Nigel Babu nigelb at redhat.com
Thu Jun 16 11:28:52 UTC 2016


On Thu, Jun 16, 2016 at 12:29:24PM +0200, Niels de Vos wrote:
> On Wed, Jun 15, 2016 at 09:14:16PM +0530, Nigel Babu wrote:
> > Hello folks,
> >
> > We have 45 people who have access to Jenkins UI. Pretty much everyone will be
> > losing this access in the next couple of weeks.
> >
> > At the moment, I understand that access to the UI is essential for configuring
> > jobs. I’m going to change this in the near future. Jenkins Job Builder[1] will
> > talk to Jenkins to create/update jobs. Job information will be managed as a
> > collection of yaml files. If you want a new job, you can give us a pull request
> > with the correct format. The jobs will then be updated (probably via Jenkins).
> > You will then no longer need access to Jenkins to create or manage jobs. In
> > fact, editing the jobs in the UI will make the YAML files out of sync.
> >
> > Before we start this process, I’d love to know if you use your Jenkins access.
>
> Initially it was only possible to start regression tests by logging into
> Jenkins and running the job manually. There were fewer patches and the
> duration of the job was much shorter too.
>
> Later on, we got more slaves and longer running regression tests.
> Someone configured the Jenkins jobs to get triggered on each change that
> was posted (now modified to only run after Verified=+1). This caused a
> lot of weird side-effects, including tests failing more regularly for
> unknown reasons. Retriggering a job was only possible by clicking the
> "retrigger" link in the Jenkins webui (now we can do so with "recheck
> ..." in Gerrit comments).
>
> Sometimes regression tests cause a fatal problem on a slave. The only
> way to get the slave back, could be through a hard reboot. The reboot-vm
> job in Jenkins made that possible. The job prevented people from
> requiring a Rackspace account.
>
> Release tarballs are created through Jenkins. Anyone doing releases
> should have their own Jenkins account to run the job.
>
> I think many of the maintainers should be able to run at least the
> release job. Configuration of the jobs can be restricted, specially if
> Jenkins Job Builder is used. Somewhere in the Contributors Guide there
> should be a description on how to make changes to the Jenkins jobs. I've
> never used JBB and definitely need some assistance with it.
>   http://gluster.readthedocs.io/en/latest/Contributors-Guide/Index/
>
> HTH,
> Niels
>
>
> > If you do use it, please let me know off-list what you use it for.
> >
> > [1]: http://docs.openstack.org/infra/system-config/jjb.html
> >
> > --
> > nigelb
> > _______________________________________________
> > Gluster-infra mailing list
> > Gluster-infra at gluster.org
> > http://www.gluster.org/mailman/listinfo/gluster-infra

Hi Niels,

This is more complex than I thought, I won't be doing *anything* immediately.
I'll take some time to get configuration right so we don't accidentally end up
in a place where nobody can get work done.

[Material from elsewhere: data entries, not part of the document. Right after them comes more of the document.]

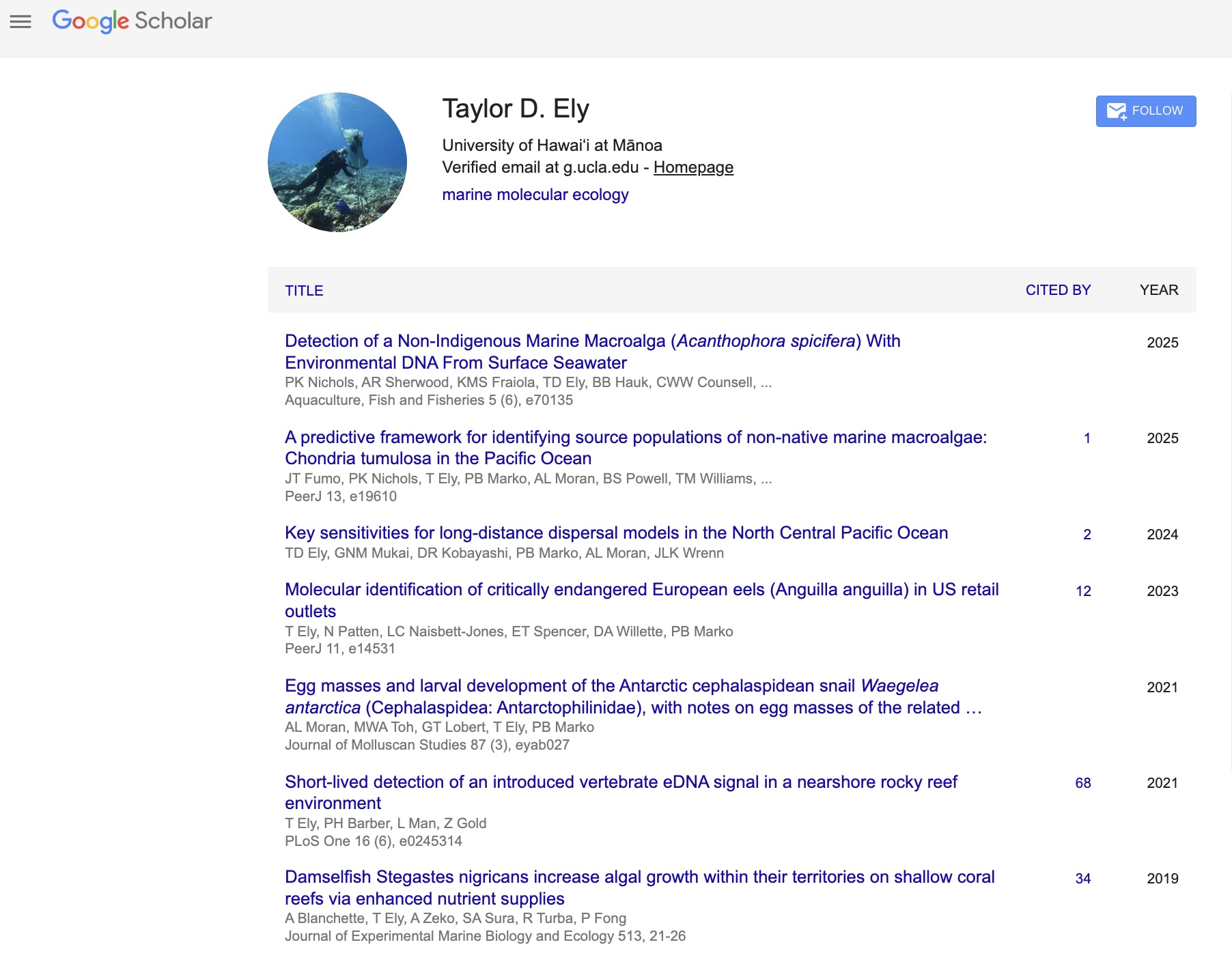 Hi! I am a PhD candidate at the University of Hawaiʻi at Mānoa in the zoology program. I am interested in connectivity of marine species across the Central North Pacific Ocean. I use both environmental DNA (eDNA) methods and simulation of larval dispersal to investigate these patterns of connectivity and isolation.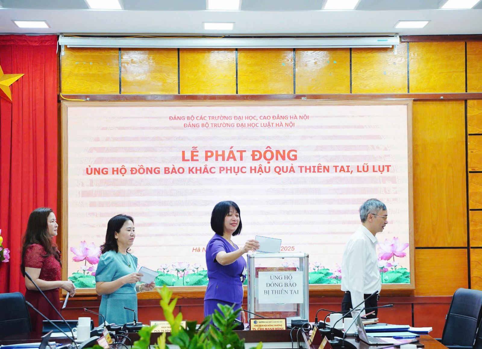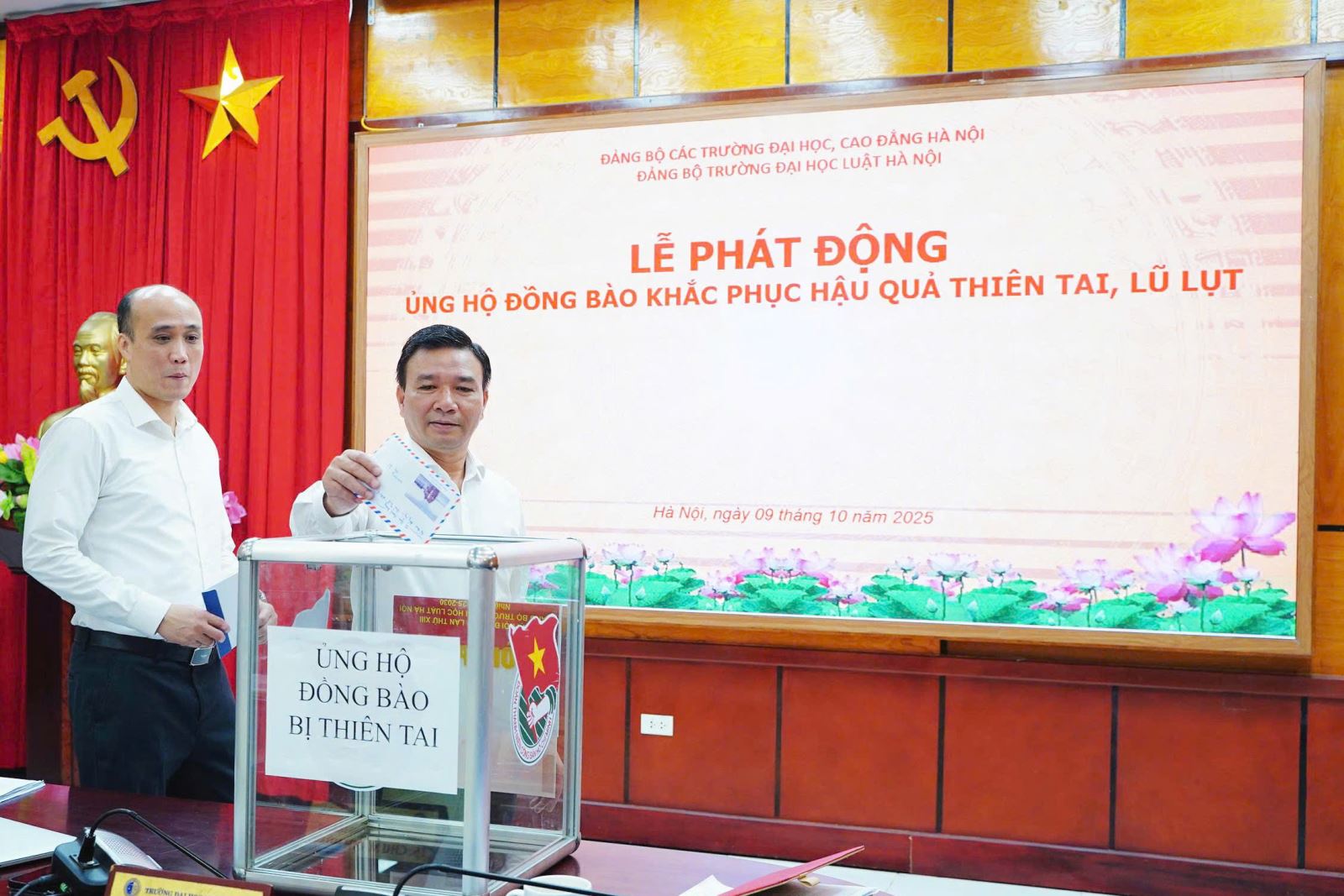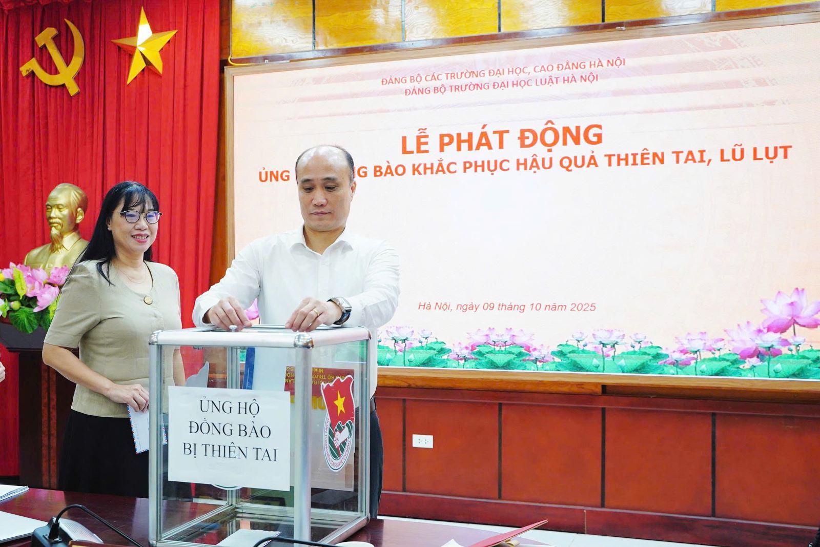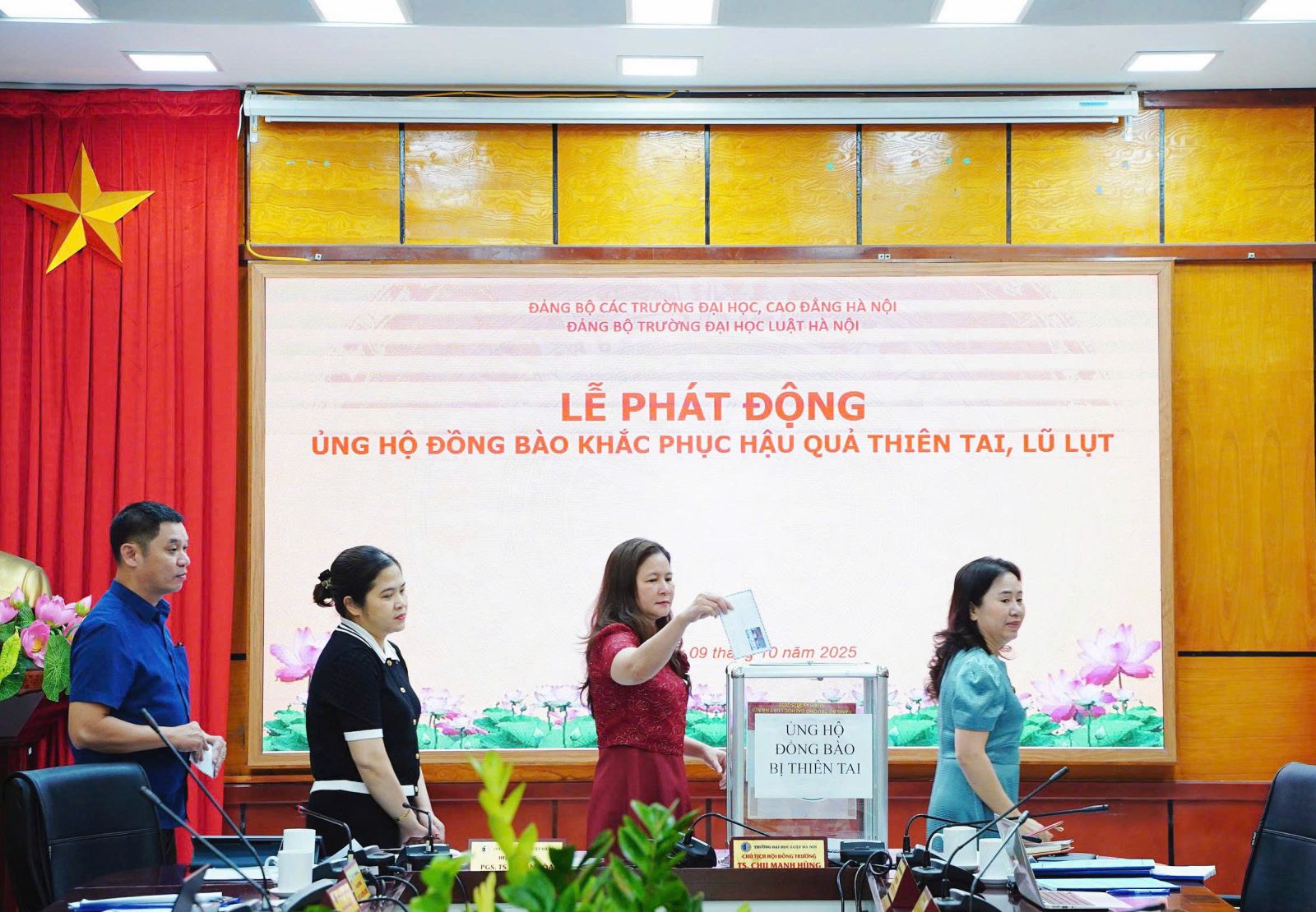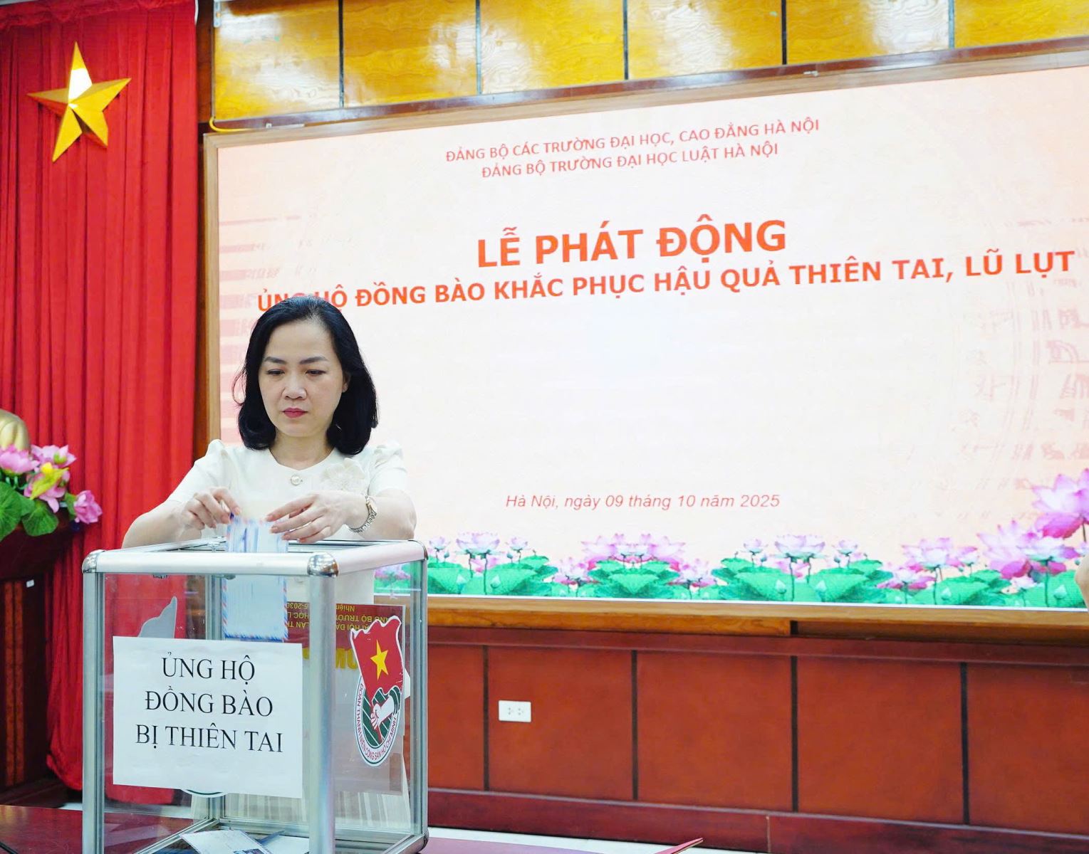 Sáng ngày 09/10/2025, trước tình trạng mưa bão, sạt lở, ngập lụt vừa qua đã gây hậu quả nghiêm trọng về người và tài sản,Trường Đại học Luật Hà Nội đã phát động chương trình ủng hộ đồng bào khắc phục thiệt hại do cơn bão số 10 gây ra.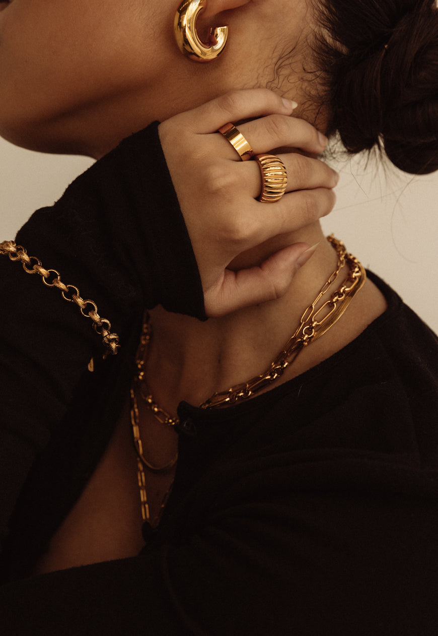 Rich, warm, and softly luminous – our signature gold finish. Designed to make a subtle statement, each piece is plated over high-quality stainless steel for enduring wear.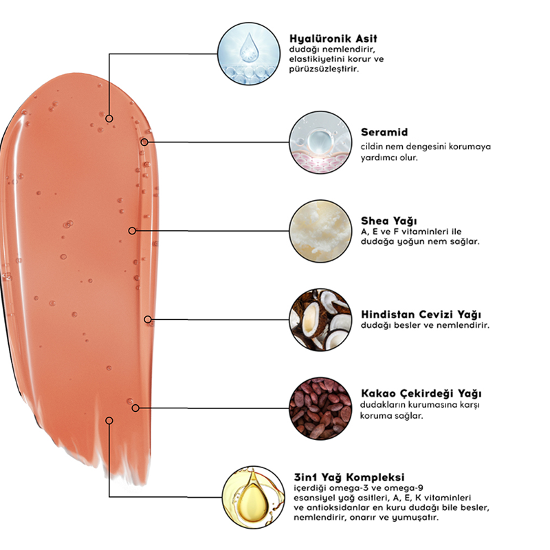 - 3in1 Yağ Kompleksi içerdiği omega-3 ve omega-9 esansiyel yağ asitleri, A, E, K vitaminleri ve antioksidanlar en kuru dudağı bile besler, nemlendirir ve yumuşatır.

I'm going to slightly change what I originally intended:
1. We will still go ahead with Jenkins Job Builder. It has reasonably good
   documentation, but I'll be available to help in case anyone is stuck. I will
   convert the existing jobs into yaml format for jjb, so they will serve as an
   example. I'll make sure our documentation has a section for how to write
   jobs. Context: JJB was written by Openstack infra team who also use Jenkins
   and Gerrit, so it shouldn't give us too much trouble.
2. The VM restart is an interesting problem that I didn't have insight into
   before. I'm happy to grant current developers access to have access to the
   restart job (We have to define "current developers" at some point).
   Eventually, I hope to make it less of a problem by restarting after every
   X number of jobs, restarting after a failure, or some such (we can talk
   about this later).
3. For release jobs, I'll similiarly create a group who will have full access
   to that job. This way I won't be blocking work while we look at better
   options.

Does this solve our immediate concerns?